Capital Gains Distributions
Mutual fund capital gains distributions are often misunderstood and can be an unpleasant surprise for investors with taxable accounts. No investor sets out to pay more taxes than necessary when selecting mutual funds. However, capital gains distributions can catch you off guard if you are not familiar with what they are and how they work. It is important to educate yourself now about capital gains distributions and how they might affect your tax bill every April.
Each year, generally in November and December, mutual fund shareholders face the possibility of receiving capital gains distributions. These capital gains distributions are the result of fund managers selling shares of underlying holdings within the fund during the taxable year. If the fund manager decides to sell a stock that has appreciated in price, the fund manager must distribute the gains to mutual fund shareholders. The distribution is taxable to the fund shareholders unless the fund is held in a qualified account (IRA, 401(k), etc.).
For example: ABC mutual fund purchased one share of stock 25 years ago for $1. Today the position is worth $50. This results in a long‐term capital gain of $49. When the fund sells the underlying stock, the fund must distribute the gains to current shareholders and the shareholders must report the gain on their personal tax return. These gains are treated as either short‐ or long‐term capital gains, so any short‐term capital gains will be taxed as ordinary income rates while long‐term gains receive preferential tax treatment.

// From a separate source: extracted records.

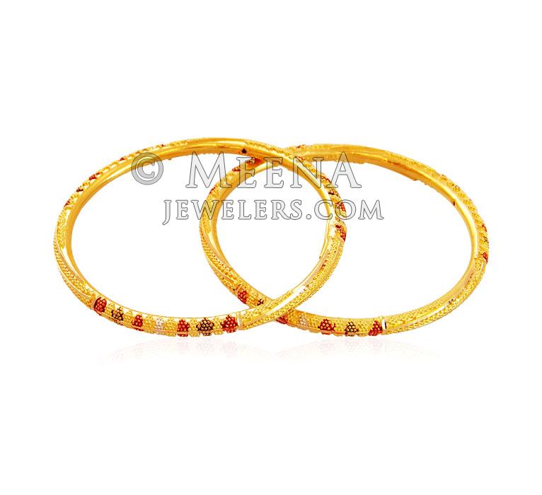 22K Tricolor Kids Bangle (2 Pcs) ( Baby Bangles )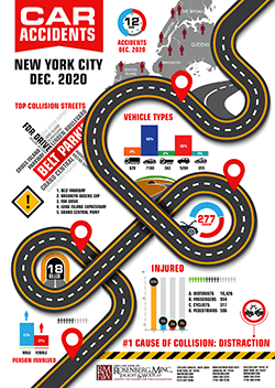 In December 2020, in the City of New York, the top five streets where collisions occurred were Belt Parkway, Brooklyn Queens Expressway, FDR Drive, Long Island Expressway, and Grand Central Parkway. #1 Cause of collisions was caused by distraction. 90% of the injuries were the motorists. 57% of the gender of the person involved were male. There were on average of 277 crashes/day. 7,100 collisions were from passenger vehicles.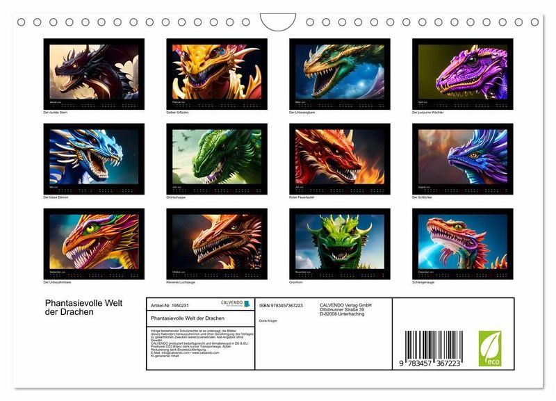 QUALITÄT - Hochwertiger Fotokalender mit 12 wunderschönen Motiven auf lichtbeständigem Bilderdruckpapier, robuste Spiralbindung mit Aufhängebügel.NACHHALTIG - deutliche Abfallreduzierung durch bedarfsgerechte Einzelstückfertigung, umweltfreundliches FSC-zertifiziertes Papier, Produktion in Deutschland, klimabewusste Logistik.PERFEKTES GESCHENK - Kalender für Freunde und Familie, für Kinder und Erwachsene, jung und alt, zu Weihnachten, Geburtstag oder zwischendurch.VIELFALT - Bildkalender in verschiedenen Formaten, z.B. DIN A5, DIN A4, DIN A3 sowie DIN A2. Ob Naturmotiv, Gemälde oder Fotos, ideal für ein persönliches Wohlfühlambiente.Eine faszinierende Welt der Drachen, die in lebendigen Farben und detailreichen Portraits zum Leben erweckt wird. von Autor(in): Doris Krüger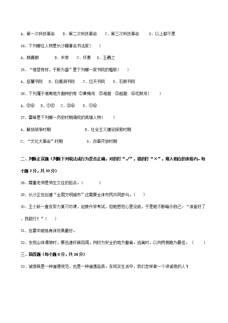 【文档名称】 2008年湖南省长沙市中考历史真题及答案(Word版).doc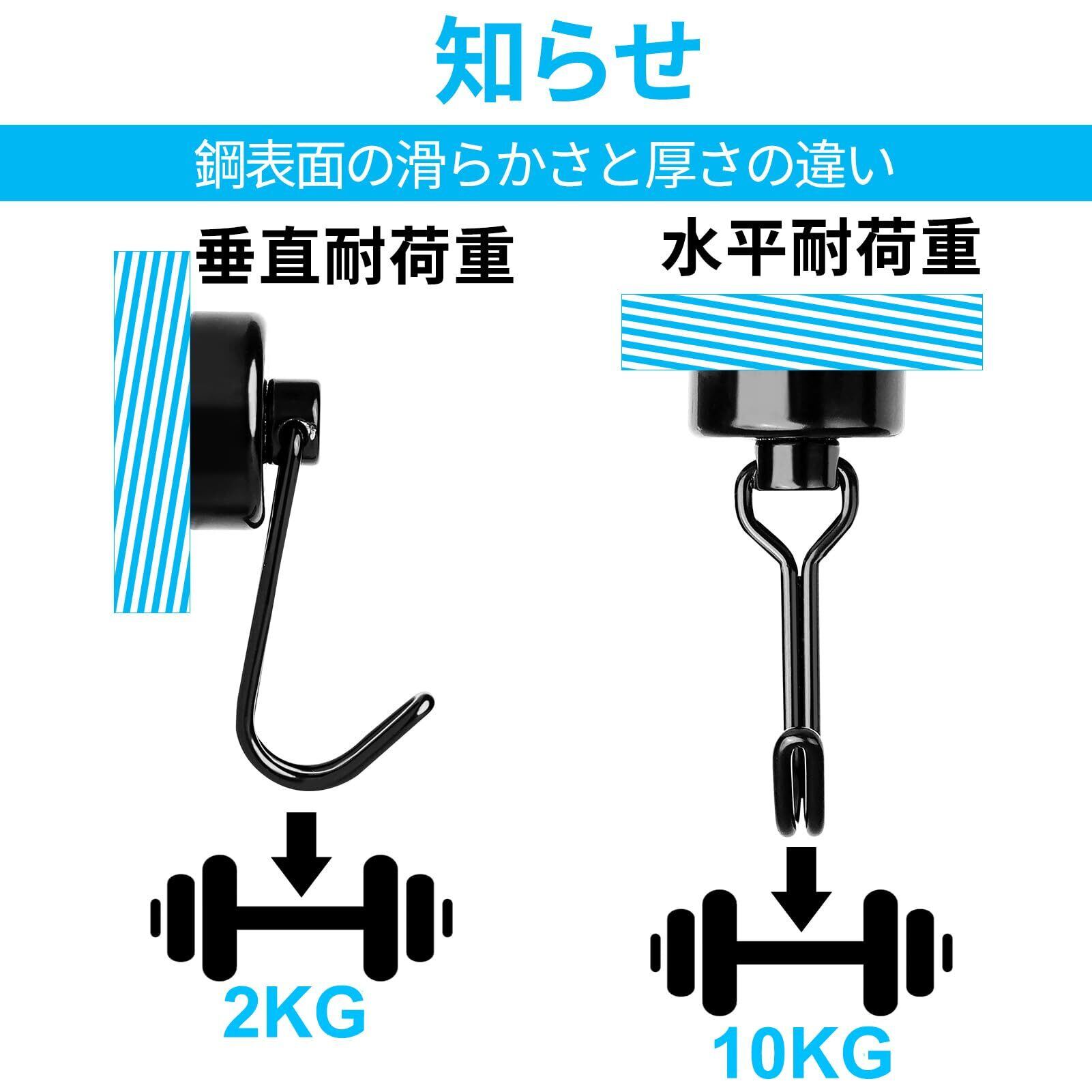 【超強力な永久磁力】超強力磁石を搭載したことで、垂直方向耐荷重最大15kg、水平方向耐荷重最大3kgまで、様々な物を吊下げるのが可能です
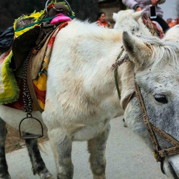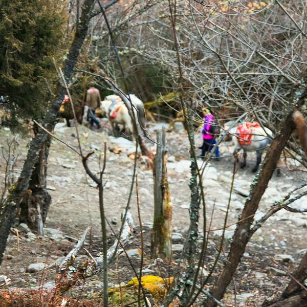 很温顺很高大乘着马儿一开始就经过了这个寺庙之后到了栈道处需要自己走10分钟再乘马,因为马儿走的不是这条路马走的是栈道下面的这条路有些艰难啊经过这个河滩后我又坐上了马这一路特别难走又很颠簸
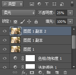 盖印图层,复制一层,图像混合模式选择“柔光”,降低不透明度到40%,得到图层1副本。之后在复制这一层,并减低不透明度到25%,得到图层1副本2。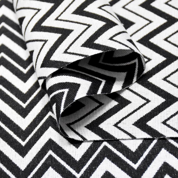 Dickes und dauerhaftes Gewebe mit Jacquardmuster, das auf beiden Seiten verwendet werden kann oder die Seiten werden miteinander kombiniert. Es eignet sich für Möbelpolsterung, schwere dekorative und Verdunkelungsvorhänge, sowie für Handtaschen und andere Accessoires. Kann auch für modische Mäntel und Cardigans verwendet werden. Für bessere mechanische Eigenschaften besteht das Gewebe aus Baumwolle/Polyester-Mischung, gleichzeitig behält es aber auch die natürliche Optik und Gefühl bei.

Investors typically focus on maximizing their returns, and rightfully so. However, focusing on return and ignoring other factors, in this case potential capital gains distribution tax, can have the effect of lowering your total after‐tax return. If you own mutual funds in a taxable account, you may want to focus on low‐turnover funds, which include index funds and tax‐efficient mutual funds. Savant utilizes low‐turnover, tax‐efficient mutual funds that are designed to avoid unnecessary taxes. By doing this, investors are able to keep more of their return instead of paying it back to the government in April.
This is intended for informational purposes only and should not be construed as legal, investment or financial advice. Please consult your legal, investment and financial professionals regarding your specific circumstances.